Public security in Bogota and the war on euphemisms

(Photo: El Pulzo)

Exactly on the day Mayor Gustavo Petro denied the presence of neo-paramilitary groups in Bogota, the city’s public television station received death threats from neo-paramilitary group “Aguilas Negras.”

A pamphlet sent to Canal Capital began: “Toads, sons of whores… your time is up,” and warned the channel no to “believe that you can use your garbage investigations to taint the heroes of the motherland and those Colombians who want to see Latin America free of terrorism”

Venezuela-based Telesur and the international NGO Reporters Without Borders also received the threats. Canal Capital released a statement to the press calling on Minister of the Interior Juan Fernando Cristo to “take urgent measures against this new campaign of hatred against the freedom of the press, and … to take immediate actions that guarantee the life and integrity of TV crew”.

They also requested that the Office of the Attorney-General “react immediately, even though the Office had knowledge of the Senator Alvaro Uribe’s remark of last September 17, when he accused Canal Capital of being a ‘servile medium of terrorism’, an act which put at risk all the employees of this channel, and which the Prosecutor promised to investigate, an inquiry whose advances are not yet known”.

The Aguilas Negras emerged out of the disbanded AUC paramilitary group in 2006, and are the neo-paramilitary group most frequently linked to threats against journalists and activists.

The threat comes at an embarrassing time for Bogota’s authorities, who are facing a rise in violent crime in the city. Only a day before the threat Bogota’s Secretary of Government Floria Perez rejected the Ombudsman’s claim that ‘bacrim’ (criminal bands) are active in the city, saying: “while there are criminal gangs that operate in different localities and are related to micro-trafficking and even drug-trafficking, there is no presence of groups related to the internal armed conflict in Bogota”.

Florez accepted that these groups are affecting the safety of people in the capital to the extent that there has been an increase in hired killers, “but we cannot categorizing them as structures of militias that have control over any area of the district,” she said.

Last month Liberal councilor Horacio Serpa claimed there are 1,32o identified criminal bands within Bogota, and blamed the crime wave on the administration of Gustavo Petro cutting anti-violence and public safety programs by 30% in 2014. Robbery and assault levels have increased in more than half of Bogota’s neighborhoods between the first half of 2013 and that of 2014. Serpa claimed that many of the criminals active in the capital are former paramilitaries, and says that not enough has been done to reintegrate them into society.

MORE: Gangs in Bogota surge as Colombia’s capital cuts public security funds

Colombia as a whole has seen seeing a rise in threats being made to journalists and human rights defenders, with 150 threats being made in September alone, a record since the start of the peace talks.
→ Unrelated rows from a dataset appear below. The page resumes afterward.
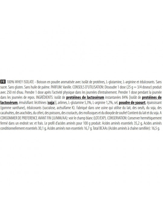 Ingredienti Vaniglia :Proteine isolate dasiero di latteIstantaneo 84% [proteine isolate del lattesiero di latte, emulsionante: lecitine (soia)], aromi, L-glutammina 5,3%, L-arginina 1,2%, sale, polvere diyogurt, addensante (gomma di xanthan), edulcoranti (sucralosio, acesulfame K).
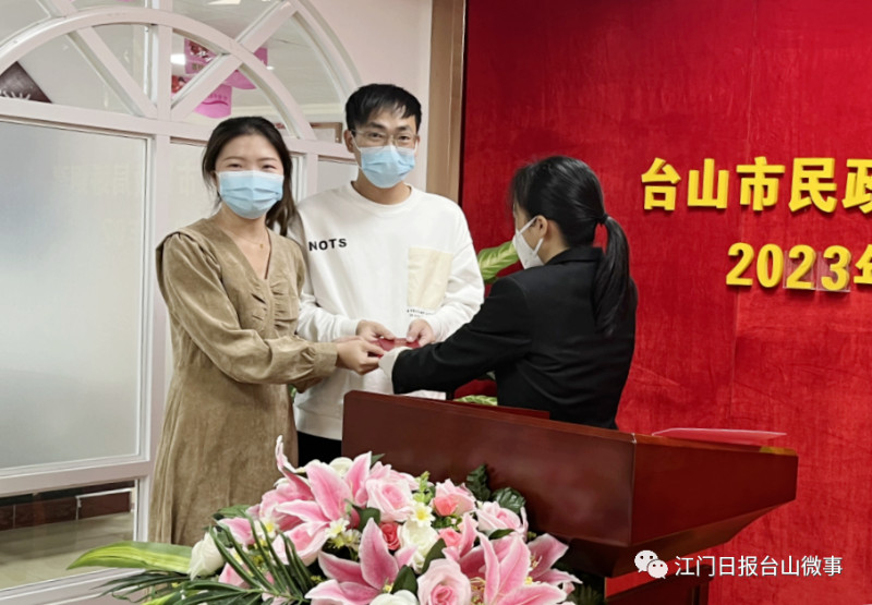 值得关注的是,在情人节这一天,为了让领证的环节更具有仪式感,台山市民政局特意在今天增设了宣誓和颁证环节,颁证员为新人颁发结婚证,为新人送上最真挚的祝福。
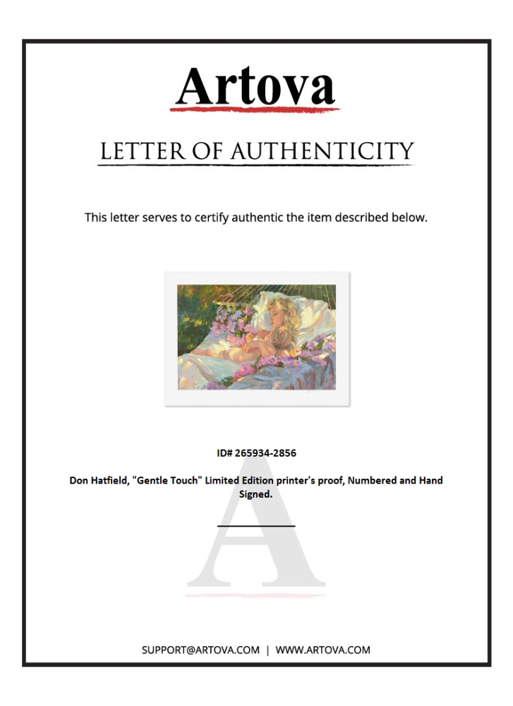 "Gentle Touch" is a limited edition printer's proof serigraph on paper by Don Hatfield, numbered and hand signed by the artist. Includes Letter of Authenticity. Measures approx. 25.5" x 35.5" (border), 20" x 30" (image).
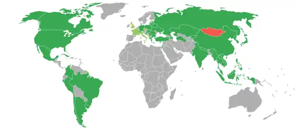 - ↑ "List of Countries and Regions without Visa - THE EMBASSY OF MONGOLIA TO THE SWISS CONFEDERATION AND THE PERMANENT MISSION OF MONGOLIA TO UNITED NATIONS OFFICE AT GENEVA AND OTHER INTERNATIONAL ORGANIZATIONS". embassyofmongolia.ch. 30 March 2023.
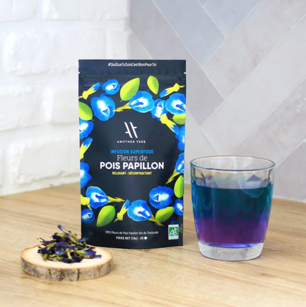 Utilisée depuis des siècles dans la médecine ayurvédique, la fleur de pois papillon contient un pigment naturel qui confère une magnifique teinte bleue à son infusion. Elle a un goût floral subtil et légèrement sucré, qui se marie parfaitement avec le gingembre et le citron. Les fleurs de pois papillon Another Tree peuvent être consommées en infusion chaude, en cocktail ou dans une salade.
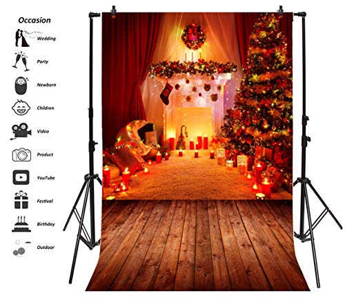 YongFoto 1,5x2,2m Vinile Fondali Fotografici Natale Decorazione d'interni Albero di Natale Camino Che colpisce con forza Sfondi Foto Partito Studio Fotografico Puntelli
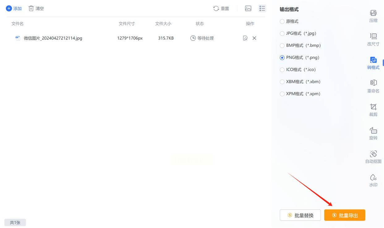 图片添加好后,看软件下方。找到一个叫 “导出格式” 的下拉菜单,点开它,然后在列表里选择 “.PNG”。
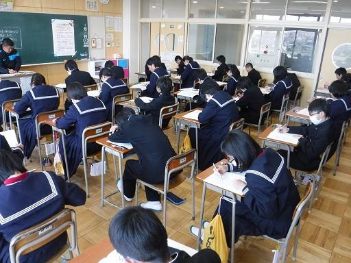 給食後の5時間目は質問用紙(生活実態や中学生の心情・考え方を問う質問)

The rise has been blamed on interests who feel threatened by the progress of peace negotiations in Havana.

MORE: September declared a black month in Colombia after record number of death threats

The message sent to Canal Capital referred to the talks: “We have the full list of the sons of whores journalists servile to Castro-Chavezism, and we know that they are found camouflaged in all forms of media. To them too will arrive the same as to the ignorant politicians and defenders of human rights that serve as a sounding board to a peace process in which the traitor Santos is delivering the country to narco-terrorism.”